Congress needs to fix the coronavirus stimulus it passed last month or it will spur states to go on spending binges to use up the cash, even if the money doesn’t actually help control the pandemic, a coalition of taxpayer groups and free-market think tanks warned in a letter last week.
They said the way the law was written, the money doesn’t help states plug existing budget gaps that resulted from the virus, but instead demands they find new spending they can attribute to the virus.
They warned the result will be “budgetary gluttony” as local officials rush to find new spending to use up their new money.
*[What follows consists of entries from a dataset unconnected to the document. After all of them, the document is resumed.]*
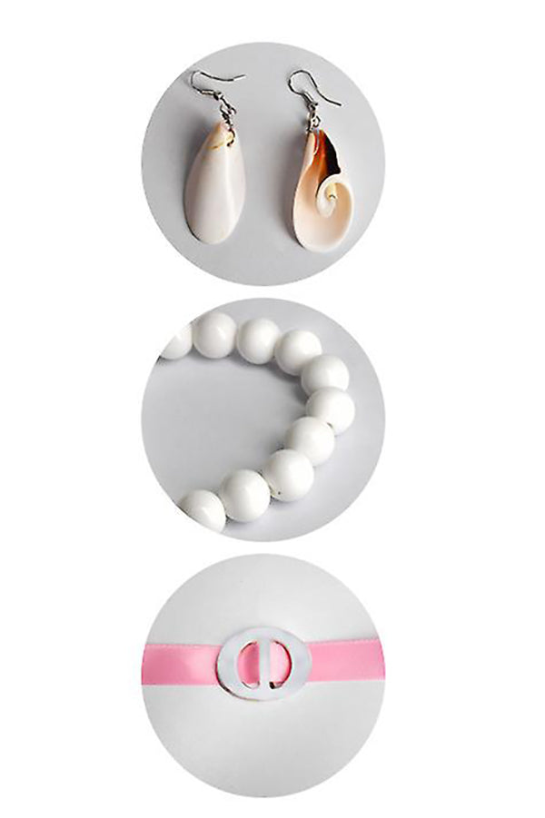 This Green Beach Party Doll's Best Friend costume includes a green, fit and flair dress with pink trim, satin tie bow shoulder strap, faux belt, and seashell jewelry.
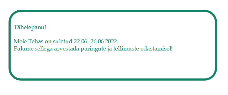 Aastapäevale eelneval tööpäeval (23.02.2021) sulgeme tehase kell 13.00.
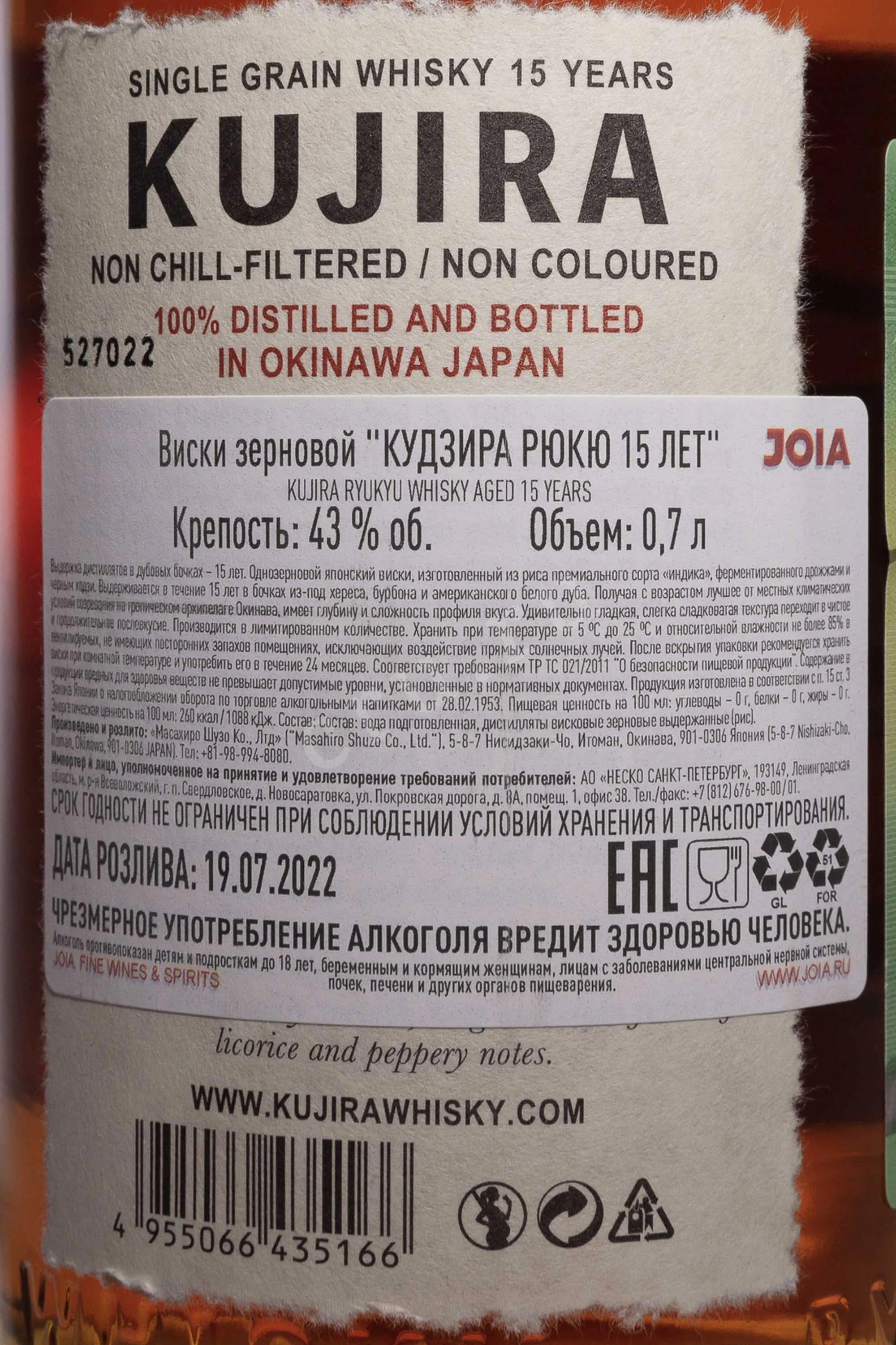 Виски Kujira Ryukyu 15 лет в подарочной упаковке 0.7 л — премиальный, зерновой, родом с японских островов Рюкю. Он отражает сочетание местных традиций и современных технологий дистилляции. Напиток создаётся в субтропическом климате Окинавы, который ускоряет созревание и формирует округлый характер. Производство основано на использовании длиннозернистого риса сорта Индика, чёрного кодзи и чистой местной воды. Дистилляция проходит на вискикурне Masahiro Distillery, одной из старейших в регионе. Для длительной выдержки применяются бочки из-под хереса и бурбона, а также из американского белого дуба. Такой подход придаёт виски мягкую текстуру и сложный профиль. Линейка Кудзира относится к флагманским в портфеле японского производителя и регулярно получает высокие оценки за баланс и зрелость вкуса. Подарочная упаковка подчёркивает премиальный статус напитка.
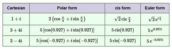 - Modulus–argument (polar) form:

“We ask Congress to allow states the ability to use their relief assistance in the most prudent and least disruptive way possible,” they said in an April 13 letter, led by the John Locke Foundation in North Carolina and the Platte Institute in Nebraska, and signed by 23 other groups.
The $2.2 trillion recovery included $150 billion aimed at helping states and local governments fight COVID-19.
Each state gets at least $1.25 billion, with the amount increased depending on population. Localities get a portion of the cash.
“As written, however, the fund provides little actual relief for state budgets but instead all but compels them to devise new spending that can be attributed to the Coronavirus Disease 2019,” the groups said.
They suggested Congress, in upcoming legislation, allow states to use their money to offset lost revenue that would normally fund their basic operations, or to provide their own stimulus tax relief to individuals and businesses, on top of the federal stimulus.